My re-transcription of Jim Rohn's conclusion to Cultivating an Unshakable Character:

In a sense , when committing to one of the traits below you're making an investment. If you start living in a way that runs counter to those traits you loose an investment. No one likes to lose an investment, once that starts to happen it's not long before you're broke.

These are the essential traits of an Unshakable Character:

Courage - It's not the absence of fear, but the presence of fear for the right reason at the right time and of the right thing. We should not fear failure per se, but fear failure to do our best, fear failure to live up to the ideals we set up for ourselves. Embrace your fear, take it inside yourself, use it as a foundation for true courage.

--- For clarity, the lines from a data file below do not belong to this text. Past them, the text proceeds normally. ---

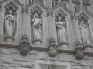 We were expecting a Catholic, or at least an Episcopal. cathedral. So imagine our surprise that this ornately appointed church  turned out to be a Unitarian/Universalist place of worship.  Even the Parish house of the Unitarian Memorial Church was replete with gargoyles and saints.
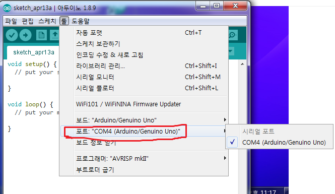 아까는 포트라고 하는 부분이 회색으로 비활성화되어있었는데, 이제는 COM4 라고 적혀있다.
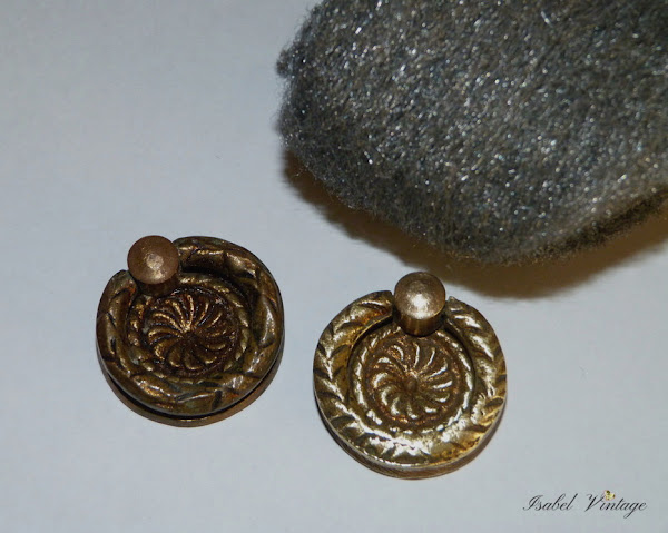 En cuanto a los tiradores, tenía intención de cambiarlos, por eso enmasillé los agujeros antes de lijar los cajones. Sin embargo, después decidí reutilizarlos: en primer lugar, una buena limpieza con lana de acero. Fijaos en la diferencia del antes y el después:
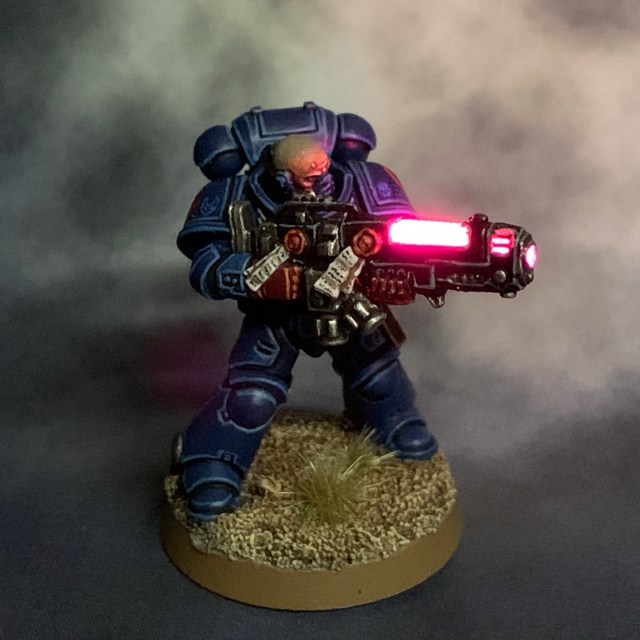 Almost two years after finishing my first Crimson Fists Hellblaster, I’ve finally returned to add another member to this unit. I did start assembly work on this model quite a while ago, but rage-quit after accidentally breaking the last two pink 1.8mm LEDs that I had in stock!My plasma incinerator is like the sun I never had.
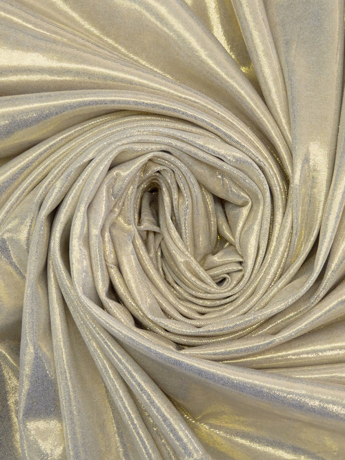 Gold/White Polyester/Lycra Foil Print Knit - NY Designer - 56W
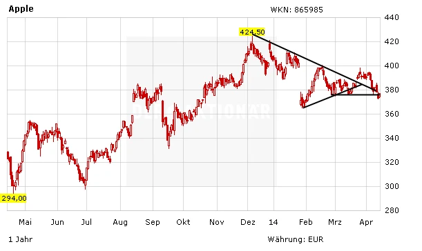 Nach einer Kursrallye konsolidierte die Apple-Aktie seit 5. Dezember 2013 in Form eines Dreiecks. Am 24. März gelang zunächst ein Ausbruch nach oben, welcher sich jedoch als Fehlausbruch entpuppte. Die Aktie befindet sich momentan an einer wichtigen horizontalen Unterstützungszone bei 375 Euro. Sollte diese Marke nach unten durchbrochen werden, so ist mit weiterem Abgabebruck zu rechnen. Kursziele wären in diesem Fall zunächst 365 Euro und später 352 Euro.
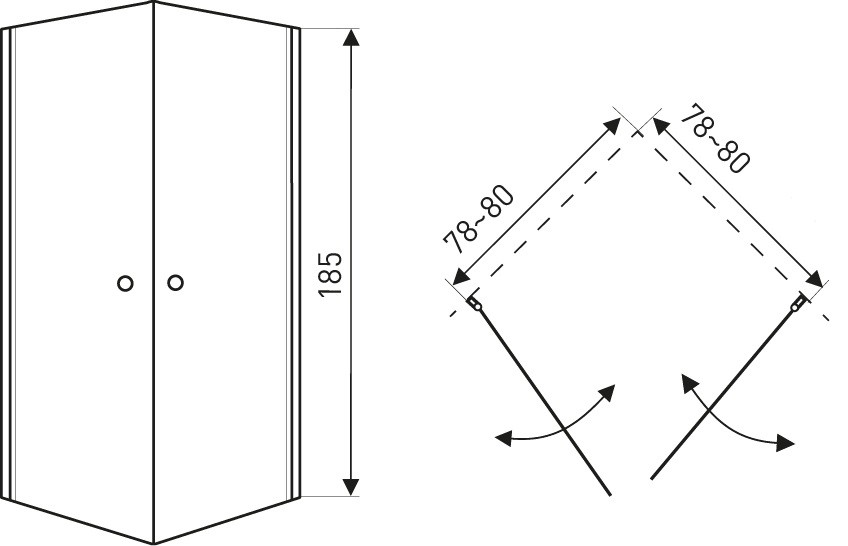 - výška 185 cm, šírka 80x80 cm (nastaviteľná šírka na profile o 2 cm)
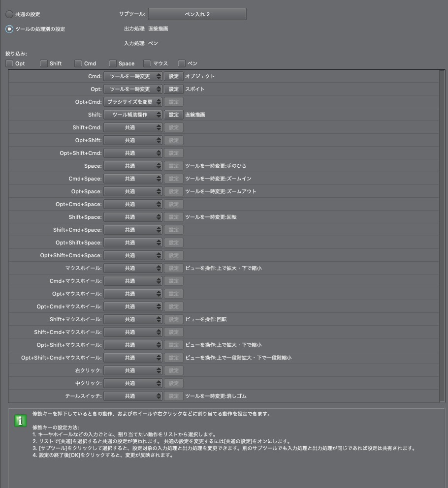 [CLIP STUDIO PAINT]メニューの[修飾キー設定]を選択し、表示される画面の
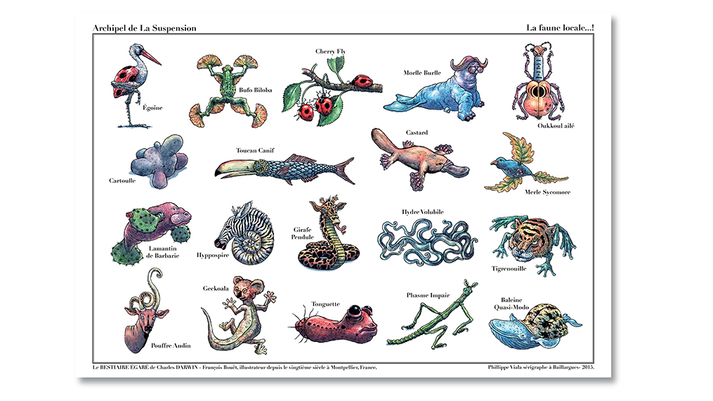 En 2014, j’écris mon premier livre Le Bestiaire égaré de Charles Darwin, rapidement épuisé. Cette première expérience m’encourage dans la voie d’éditeur indépendant. Mes projets dans ce domaine vont de l’album jeunesse et la bande dessinée, au livre d’artiste…

Honesty and Integrity - Telling the truth can be painful just as paying a debt can be painful. There is a temptation to hedge and equivocate, just like temptation to run up a large balance on a credit card. But credit buying doesn't make long term sense, either in finance or ethics. Interest charges will eat you up, in the first case it's "just" your bank balance that gets destroyed, in the second case it's your soul that gets eaten up.

Perseverance - Reserve of energy is the mark of strong character. Successful people manage to reach down into themselves for the strength to overcome any challenge, whether internal or external.

Goals - Important as a net or a baseline, or the ability to keep score is important in tennis, you may become an excellent player without knowing them but it's not likely, anyway how will you know?

Responsibility - Most people will do almost anything to avoid it. Individuals who seek out responsibility, those who want the ball when the game is on the line, can gain material and spiritual rewards that naturally flow from strong character and the glory that comes with leadership.

Wisdom - Desire for it can never be satisfied, and why that very impossibility makes wisdom even more desirable to those who truly love it.

Act wisely - Example of Socrates and Salomon, united in their ability to act wisely. Why Socrates' seemingly foolish decision to die unnecessarily was really the fullest expression of his doctrine that Wisdom is knowing thyself.

Humor - Ability to laugh at oneself as evidence of trustworthiness and fundamental integrity. But humor must be handled carefully, the difference between saying something funny and being funny oneself should never be forgotten.

Flexibility - Strength without rigidity, recognizing what can be controlled and what is beyond our control, and behaving accordingly. It means playing the cards that we're dealt as best we can, and resisting the temptation to think that the deck is stacked against us.

Patience - Helps us to cope with unpredictability of fate, but allows to turn into the material of success. Quality that let's us enlist time as an ally, instead of fighting hopelessly against it as an adversary. It's the hallmark of true maturity, its presence distinguishes the strong character from the weak and the mature adult from from unfinished, unformed child whether he's 3 or 33.

Confidence - Intrinsic of character, and emotional commodity to be invested in others. Ability to inspire trust, but can only be achieved by trusting, both in yourself and in the people you meet. Your belief in yourself is strong enough so that the world itself seems safe and oriented towards your success. It's one aspect of strong character that can literally change the way we perceive reality.

Good health - Springs from wise choices. It's neither a religion diet exercise program, number of calories that we've consumed in a 24 hour period, rather it expresses an awareness of who we are and how we should live in the most fundamental sense.

Achievement - Identifies a strong character the same way blossoming fruit identifies a healthy tree.